Under a European Union initiative aimed at reducing greenhouse gas emissions, 3.25 per cent of the total amount of fuel sold by each oil company must be biofuel. The proportion is due to rise to 13 per cent by 2020.
In practice most companies meet the obligation by adding biofuel to diesel, creating a blend that contains about 5 per cent biofuel. The companies are not obliged to inform motorists that the petrol or diesel they buy contains biofuel.
Biofuel can be derived from dozens of crops but many fuel companies choose palm oil because it can be cheaper than the more sustainable alternatives such as rapeseed.
The agency knows which companies are using palm oil but is refusing to name them on the ground that the information is commercially sensitive.
Several leading fuel industry figures sit on the agency’s board, including a director of the oil company BP and a senior executive from the coalmining group Anglo American. The agency said that the directors had not been involved in the decision to withhold the names of the companies.
Ian Duff, a forest campaigner for Greenpeace, said: “It cannot be right that the watchdog on biofuels has oil company directors on its board. The agency is preventing the public from discovering which of these companies are selling us palm oil, one of the cheapest and most environmentally damaging biofuels.”
Several major oil companies are exploiting a loophole in the agency’s reporting system to avoid declaring what type of land has been used to grow their biofuel. They are obliged to submit a sustainability report but in the section on the previous use of the land are allowed to say “unknown”.
When calculating the greenhouse gas savings from biofuel the agency ignores the previous use of the land.

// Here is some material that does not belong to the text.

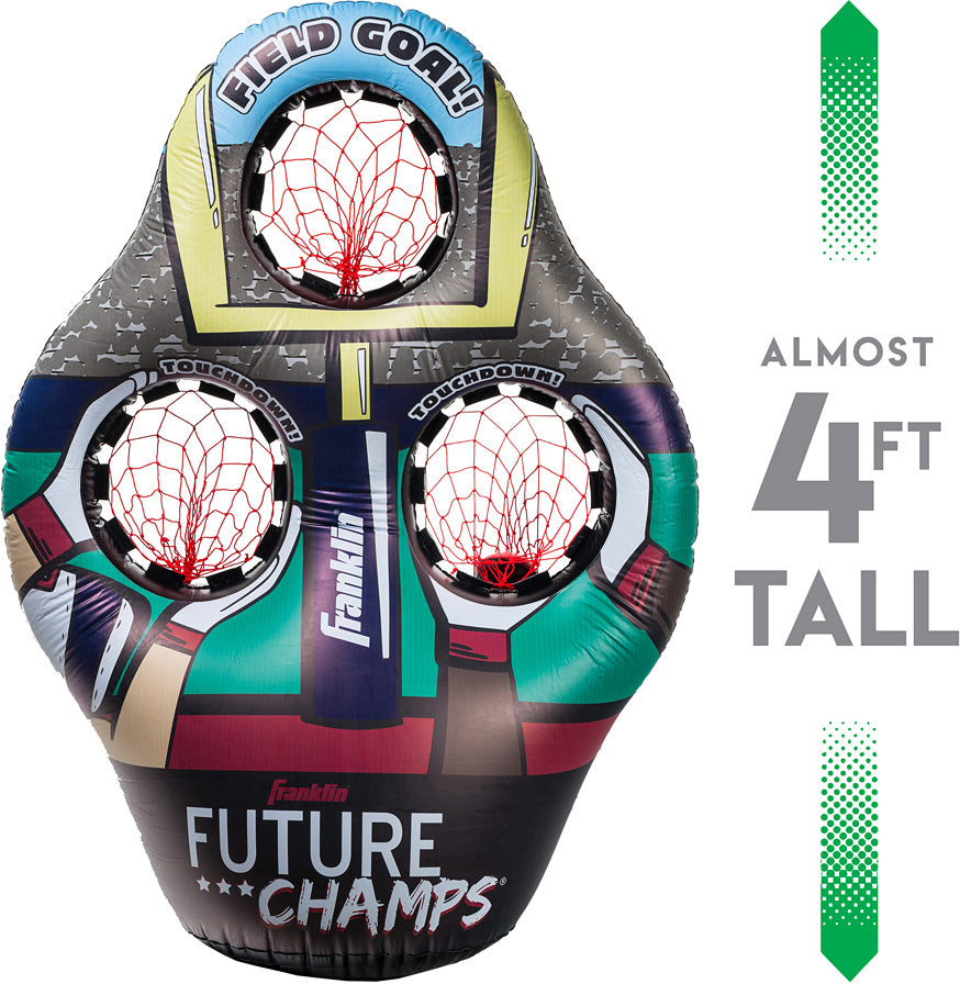 What young football star would "pass" on this? A 45" inflatable target presents 3 netted holes for perfecting passes and kicking field goals. Includes 2 soft footballs and a pump.

Esso said that it did not know the previous use of the land on which 95 per cent of its biofuel was grown. It also refused to say whether it had used any palm oil.
A spokesman said: “Our approach to supplying biofuels must balance sustainability, fuel-product quality and the need to remain competitive in the marketplace.”
BP said that its biofuel included palm oil but claimed that it all came from certified plantations. It failed to declare the previous use of the land for 79 per cent of its biofuel.
Total refused to say whether it used any palm oil. Murco admitted using palm oil but did not respond to questions about its origins. Total, Chevron and Murco all failed to declare the previous use of the land that was the source of more than half their biofuel.
Chevron admitted using palm oil from uncertified sources. A spokesman said: “As sustainable palm oil certification systems become commercially operational, Chevron will progress towards sourcing, supplying and trading only certified palm oil.”
Shell had the best record of the major companies for declaring the sources of its biofuel. It said that it did not use any palm oil last year because it could not find any from a sustainable source. Luis Scoffone, vice-president for biofuels, said that Shell could have met its biofuel obligation more cheaply if it had bought palm oil.
“There is a premium for sustainability that we are incurring,” he said. Shell was likely to use palm oil in the future but only when it could be certain that it was not damaging rainforests.
“It is almost inevitable that we will use palm oil because the amount of biofuel we will need is increasing. Palms deliver one of the highest volumes of oil per hectare of any crop. That means we can use less land to produce the same amount of oil.”